Of the infamous night in 1997 when he was defeated in his Enfield Southgate seat, Mr Portillo said: “A lthough it was a humiliation what I really enjoyed was being in government and it was very, very clear that we weren’t going to be in government.
“So losing my seat was just an extra punishment but it did relieve me of having to run for the leadership of the Conservative Party – not a prospect I relished because the party was reduced to a small rump and was going to be very irrelevant.”
He later returned to Parliament and stood for the Conservative leadership in the race eventually won by Iain Duncan Smith. Asked if he would have been a better leader, Mr Portillo said no and added: “ Iain Duncan Smith was different from me in some ways because he didn’t see at the time a need to move the Conservative Party to the centre ground, which I did. But he was got rid of after two years. I think the same would have happened to me for slightly different reasons but nevertheless I think my fate would have been the same.”

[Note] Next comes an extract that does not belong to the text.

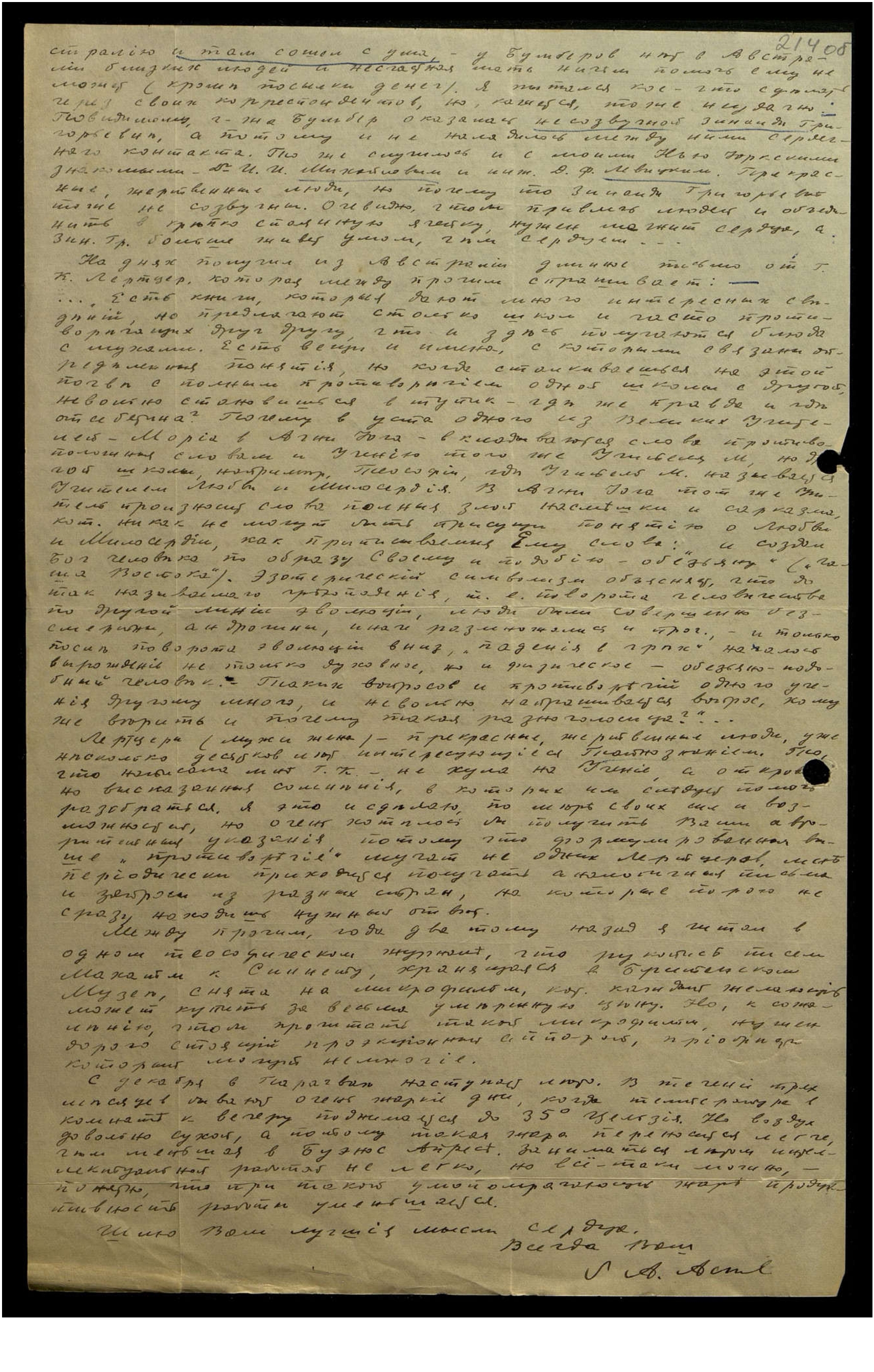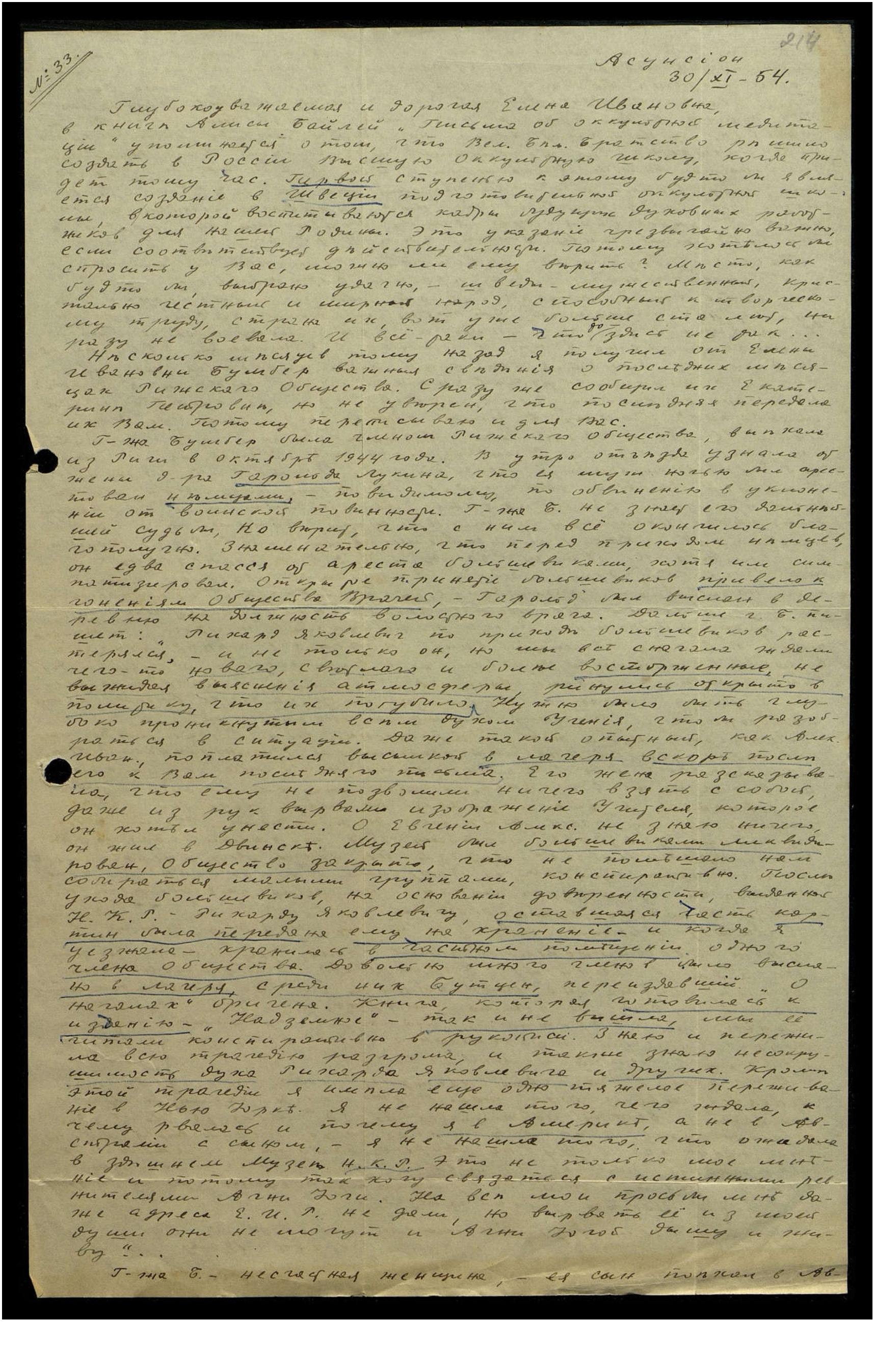 Г[оспо]жа Бумбер была членом Рижского Общества, выехала из Риги в октябре 1944 года. В утро отъезда узнала от жены д[окто]ра Гарольда Лукина, что её муж ночью был арестован немцами, по-видимому, по обвинению в уклонении от воинской повинности. Г[оспо]жа Б[умер] не знает его дальнейшей судьбы, но верит, что с ним всё окончилось благополучно. Знаменательно, что перед приходом немцев, он едва спасся от ареста большевиками, хотя им симпатизировал. Открытое принятие большевиков привело к гонениям Общества Врачей — Гарольд был выслан в деревню на должность волостного врача. Дальше г[оспо]жа Б[умер] пишет: "Рихард Яковлевич по приходе большевиков растерялся, и не только он, но мы все сначала ждали чего-то нового, светлого и более восторженные, не выжидая выяснения атмосферы, ринулись открыто в политику, что их погубило. Нужно было быть глубоко проникнутым всем духом Учения, чтобы разобраться в ситуации. Даже такой опытный, как Алек[сандр] Иван[ович]*, поплатился высылкой в лагеря вскоре после его к Вам последнего письма. Его жена рассказывала, что ему не позволили ничего взять с собой, даже из рук вырвали изображение Учителя, которое он хотел унести. О Евгении Алекс. не знаю ничего, он жил в Двинске. Музей был большевиками ликвидирован, Общество закрыто, что не помешало нам собираться малыми группами, конспиративно. После ухода большевиков, на основании доверенности, выданной Н[иколаем] К[онстантиновичем] Р[ерихом] — Рихарду Яковлевичу, оставшаяся часть картин была передана ему на хранение, и когда я уезжала — хранилась в частном помещении одного члена общества. Довольно много членов было выслано в лагеря, среди них Буцен**, переиздавший "О началах" Оригена. Книга, которая готовилась к изданию — "Надземное" — так и не вышла, мы её читали конспиративно в рукописи. Знаю и переживала всю трагедию разгрома, и также знаю несокрушимость духа Рихарда Яковлевича и других. Кроме этой трагедии я имела ещё одно тяжёлое переживание в Нью Йорке. Я не нашла того, чего ждала, к чему рвалась и почему я в Америке, а не в Австралии с сыном, я не нашла того, что ожидала в здешнем Музее Н[иколая] К[онстантиновича] Р[ериха]. Это не только моё мнение и потому так хочу связаться с истинными ревнителямя Агни Йоги. На все мои просьбы мне даже адреса Е[лены] И[вановны] Р[ерих] не дали, но вырвать её из моей души они не могут и Агни Йогой дышу и живу"...

Mr Portillo was speaking in an interview at Benenden ahead of giving a talk in the School’s packed Theatre to pupils, parents and staff.
During his lecture he spoke about his time in politics, his subsequent media career and his love of history, which he has pursued in his hit television series Great British Railway Journeys.
He urged any pupils in the audience considering a Politics career to have another career to fall back on, saying that most political careers ended in “failure and tears”, and said that you never knew in life what was around the corner. By way of example, he said he was approached for Great British Railway Journeys a whole ten years after making a one-off documentary in which he revisited his father’s Spanish home town. He said: “All through life we are dropping little acorns as we go. You have no idea which of these is going to flourish.”
Headmistress Samantha Price said: “Michael Portillo gave us a candid, insightful, amusing and at times moving account of his life in politics and the media. The pupils greatly appreciated his candour and his deep knowledge of history, and his lecture will live long in the memory.”